Alea gelagapan. "A-ah, ini buku lo, ya? S-sorry, anu tadi gue ...." Alea terbata memikirkan alasan paling masuk akal untuk mengelak. Mengalihkan pandangan guna menghindari tatapan tajam kakak kelasnya itu, hingga tanpa sengaja ia menangkap tulisan di atas kertas yang sejak tadi tergeletak di meja selagi pemuda itu tertidur. Ada nama lengkap serta kelas dan kalimat pernyataan yang menyatakan ia berjanji untuk tidak terlambat lagi.

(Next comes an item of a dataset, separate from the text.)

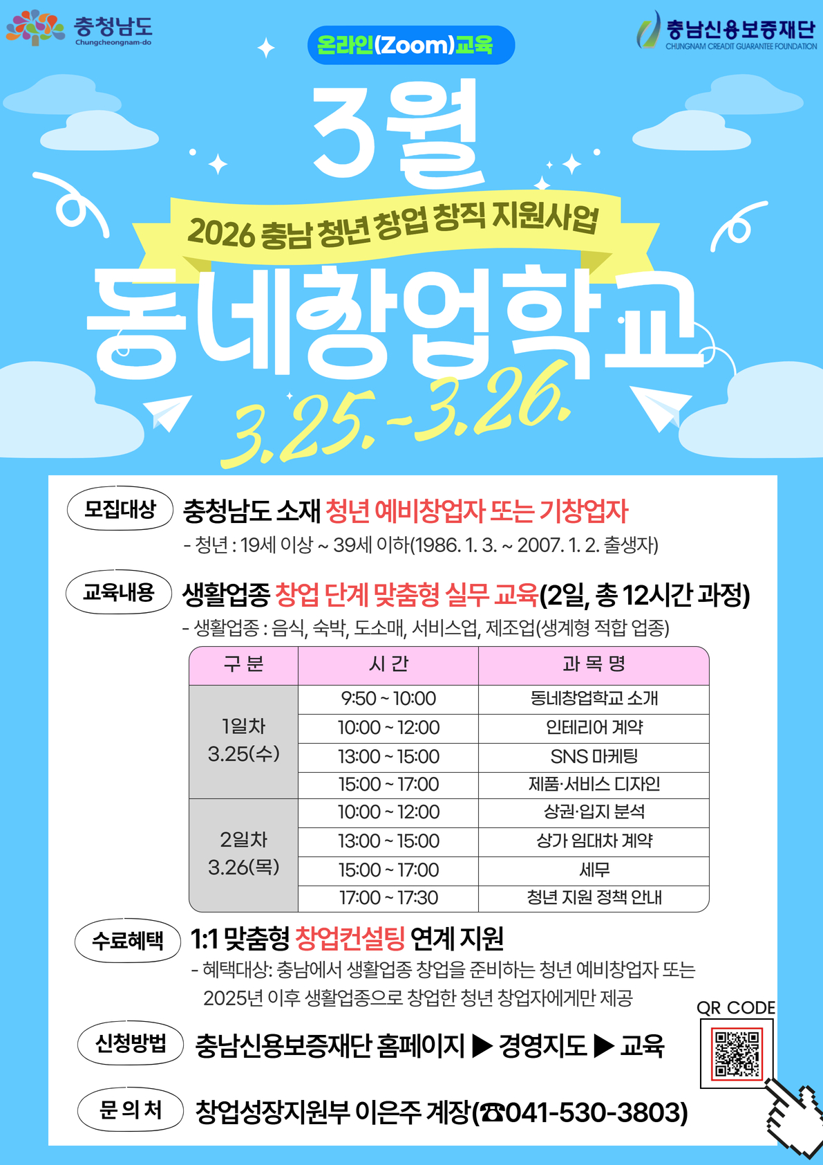 | 제목 | 2026년 3월,4월 동네창업학교 교육생 모집 공고 안내 | ||||

Ganindra Yuma Ardean. XII IPA 1

Saya berjanji tidak akan terlambat lagi.

Melihatnya Alea jadi senyum-senyum sendiri. Ia baru menyadari, rupanya mereka sama-sama tengah menjalani hukuman. Apa ini yang dibilang jodoh, ya? "Kak Ganin lagi dihukum juga, ya?" tanyanya mengalihkan pembicaraan, sekaligus mencoba sok akrab. Untung-untung kalau bisa jadi akrab sungguhan. Kan, Alea bisa sekalian bertanya nomor telepon.

Pria yang bernama Ganindra itu berdecak. "Yuma, panggil gue Yuma." Alea dibuat menelan ludah mendengarnya. Suaranya seksi banget nyebutin nama doang, Ya Tuhan. Ia menggerutu dalam hati, malah jadi salah fokus. Lantas tanpa ragu ia mengulurkan telapak tangannya. "Alea, kelas sepuluh IPA 2."

Pria yang bernama Gandindra Yuma Ardean itu hanya geleng-geleng kepala melihatnya. "Gue bukan mau ngajak kenalan," katanya lalu berlalu meninggalkan Alea yang masih mematung di tempatnya.

Anjir gue malu banget! Dia bakal anggap gue aneh enggak, ya? Ah, tapi bodo amat deh, yang penting gue udah dapet namanya, tinggal nomor HP-nya aja yang belum. It's time to stalk like FBI.

Alea bersorak kegirangan di dalam hati. Akhirnya dia bisa mengetahui nama lengkap pemuda itu, bahkan di mana letak kelasnya. Kini dia sudah memikirkan banyak rencana yang akan dia gencarkan untuk bisa mendapatkan perhatian dari sang kakak kelas pujaan hati.